Total displacement of the car: 405 m

Explanation:

The first part of the motion of the car is a uniformly accelerated motion, so we can use the suvat equation

$s_1=ut_1+\frac{1}{2}a_1 t_1^2$

where:

u = 0 is the initial velocity (the car starts from rest)
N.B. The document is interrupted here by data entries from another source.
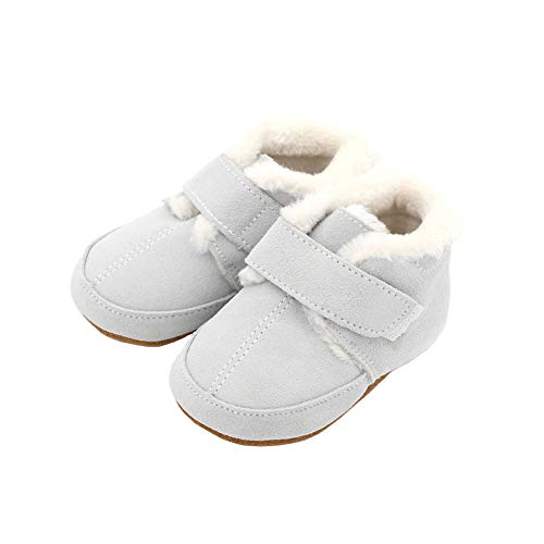 TRIWORIAE - Scarpe Bambino in Morbida Pelle Scarpine Primi Passi Infanzia Scarpette Neonato Bambina Ragazza Ragazzo Grigio L: 12-18 Mesi
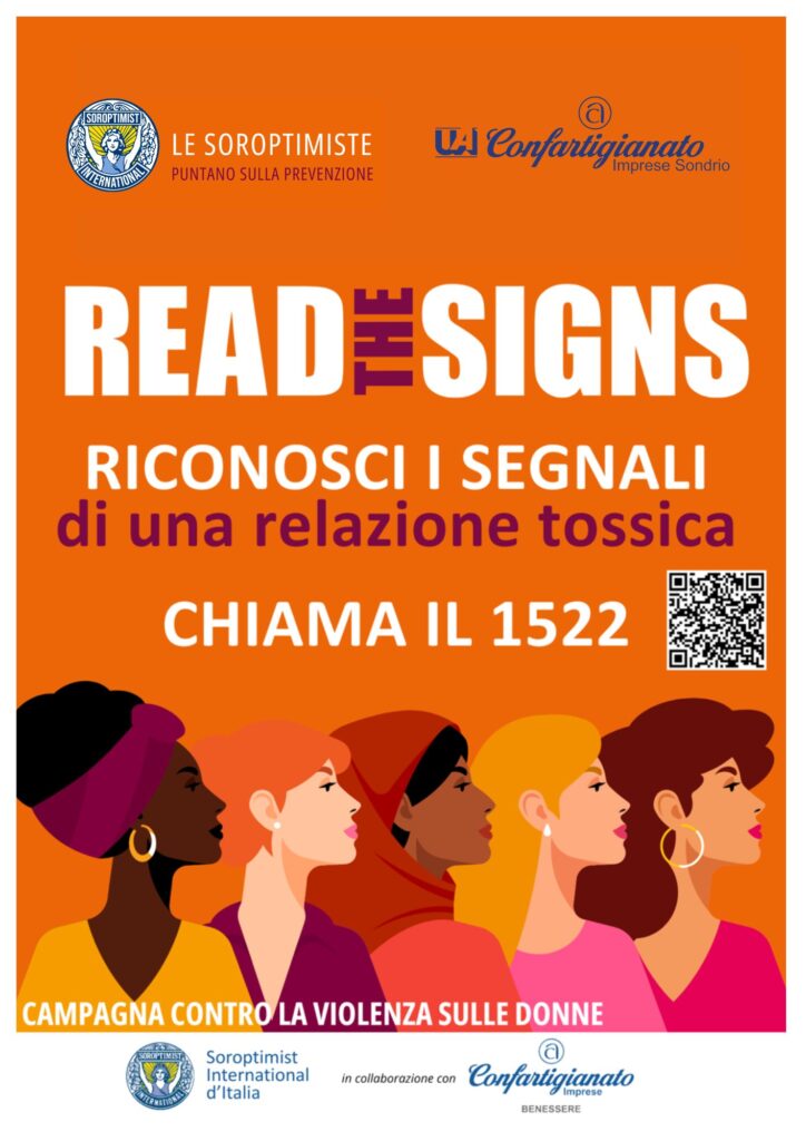 Prende il via anche sul territorio della provincia di Sondrio l’impegno congiunto di Soroptimist International d’Italia e Confartigianato Benessere nella promozione di iniziative di sensibilizzazione contro la violenza sulle donne. In occasione della Giornata Internazionale contro la violenza sulle donne del 25 novembre scorso, le rappresentanze provinciali delle due realtà hanno subito accolto e rilanciato il progetto “Read the Sign”, promuovendo la diffusione capillare di una locandina informativa.
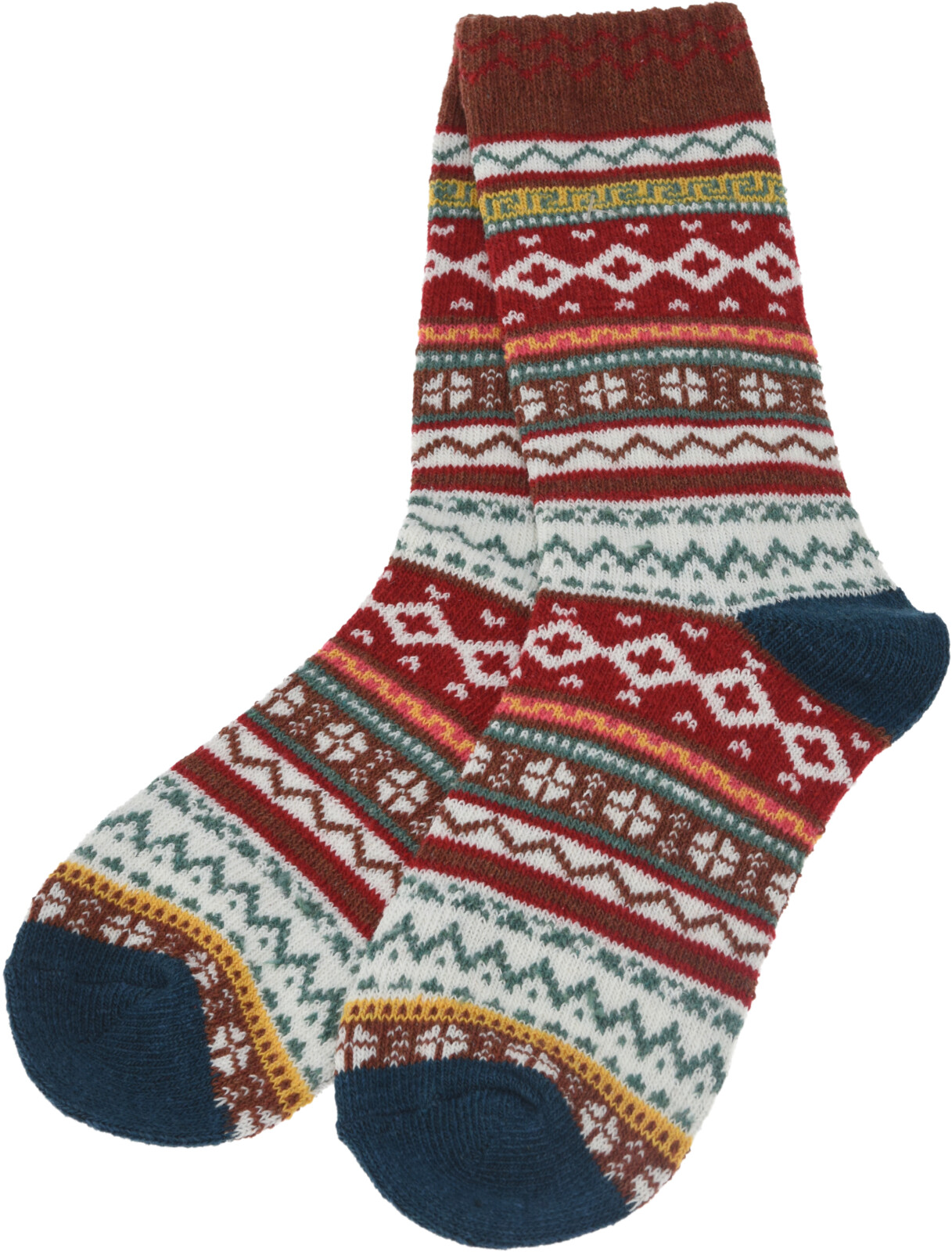 Damenstrümpfe in gemustertem Blau/Rot. Einheitsgröße.

$t_1 = 20 s$ is the time elapsed in the 1st part

$a_1=1.62 m/s^2$ is the acceleration of the car in the 1st part

$s_1$ is the displacement of the car in the 1st part

Solving for $s_1$ ,

$s_1=0+\frac{1}{2}(1.62)(20)^2=324 m$

We can also find the velocity of the car after these 20 seconds using the equation:

$v_1 = u +a_1 t_1 = 0 + (1.62)(20)=32.4 m/s$

Now we can find the distance covered by the car in the 2nd part, where it decelerates after having seen the tree limb on the road. We can do it by using the suvat equation:

$s_2 = (\frac{v_1 + v_2}{2})t_2$

where:

$v_1=32.4 m/s$ is the initial velocity at the beginning of the 2nd phase

$v_2=0$ is the final velocity (the car comes to a stop)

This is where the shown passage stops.